Down the coast further I had something chase the baits. The drags made a little bit of sound but i continued a bit further without checking things out. That was a big mistake. The baits had crossed and by waiting a little bit longer they completely tangled in a huge mess. When I finally did check the baits it was utter chaos. They were all wrapped up on each other's lines. I was so bummed. The only way to do this quickly and get back to fishing was to cut one line. With two live baits dangling I cut into one power pro. I untangled the one leader and in hast, I had no choice but to surgeon knot the two power pro lines back together. With both live baits still intact, and one line surgeon knotted back together, I was off down the coast for more offshore trolling.

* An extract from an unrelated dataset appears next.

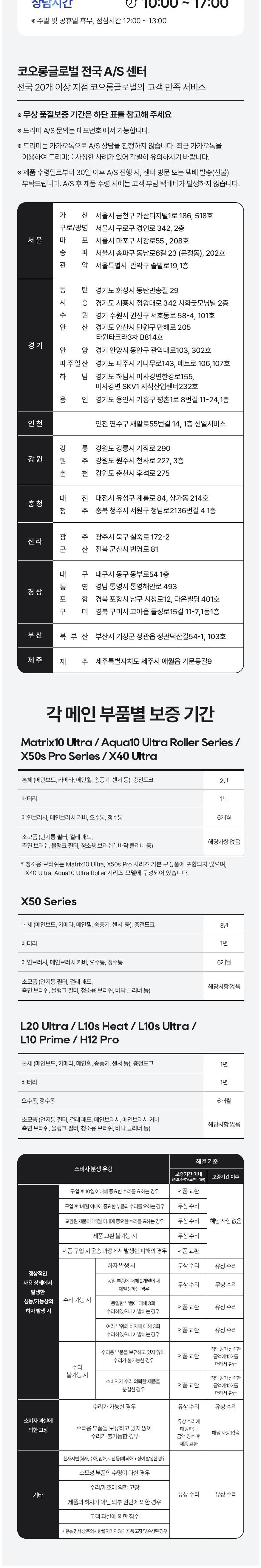- ㆍ제조사의 사정 (신모델 출시 등) 및 부품 가격 변동 등에 의해 무료 교환/반품으로 요청하는 경우

By now the sun was coming up and it was getting bright. What a perfect day to be out sailing on my Hobie AI. The winds were predicted to be 10-15 later in the day but in the morning it was a light 8 mile an hour wind. I was so tired from such an early start I found myself dozing off in auto pilot mode catching a few minutes of sleep here and there. The gentle trades pushed me down the coast towards my destination. The tide was a three day new moon with a fluctuating tide. I had a feeling the noon low tide would triggered some feeding. I trolled a good 6 miles at this point with no strikes. I was starting to feel a little disappointed but it was such a nice day to be on the water how could one complain.

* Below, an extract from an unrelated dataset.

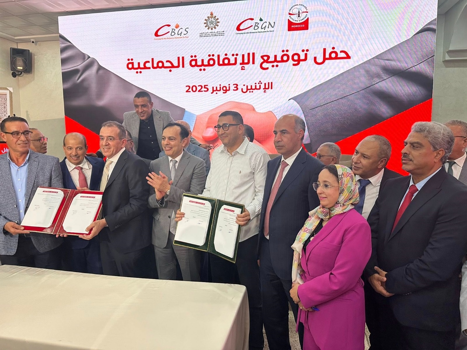 وقع الاتحاد العام للشغالين بالمغرب، يوم الإثنين 3 نونبر بفاس، اتفاقية شغل جماعية مع شركتي المشروبات الغازية الشمال والمشروبات الغازية الجنوب، تهدف إلى تنظيم علاقات الشغل، توفير ظروف ملائمة للعمل، ضمان حقوق الأجراء، والارتقاء بالجانب الاجتماعي لهم، بالإضافة إلى خلق آليات حوار وتفاوض سلمية تضمن الاستقرار داخل المقاولة.

Just after noon I found myself about 3 miles offshore at the shark tour operation. Here they have a buoy that is anchored up in 400 feet of water. This continues anchor spot acts like a FAD and bait balls will cluster around it. Beside sharks, and bait balls there are a lot of pelagic species that frequent the area as well. When I arrived, the shark boat was there with their cage in the water. I have often caught sharks by getting to close to the cage while they are in operation. Most times when the shark boat guys are here they are using some sort of chum to bring in the sharks for viewing. This chum also attracts the bait and the predators that feed on them. Today I took a course just windward of the boat and as I past the shark boat I maneuvered my bait into their chum line. I noticed that there was also some kind of current upwelling going on and there was lots of stuff in the water. I could see debri, bait, and fish. About 50 yards past the shark cage I took my first strike of the day. I looked back and immediately saw a mahi go airborne. This mahi put on a nice show for the shark boat people and gave me some good fun to. I was able to boat this fish and it felt good.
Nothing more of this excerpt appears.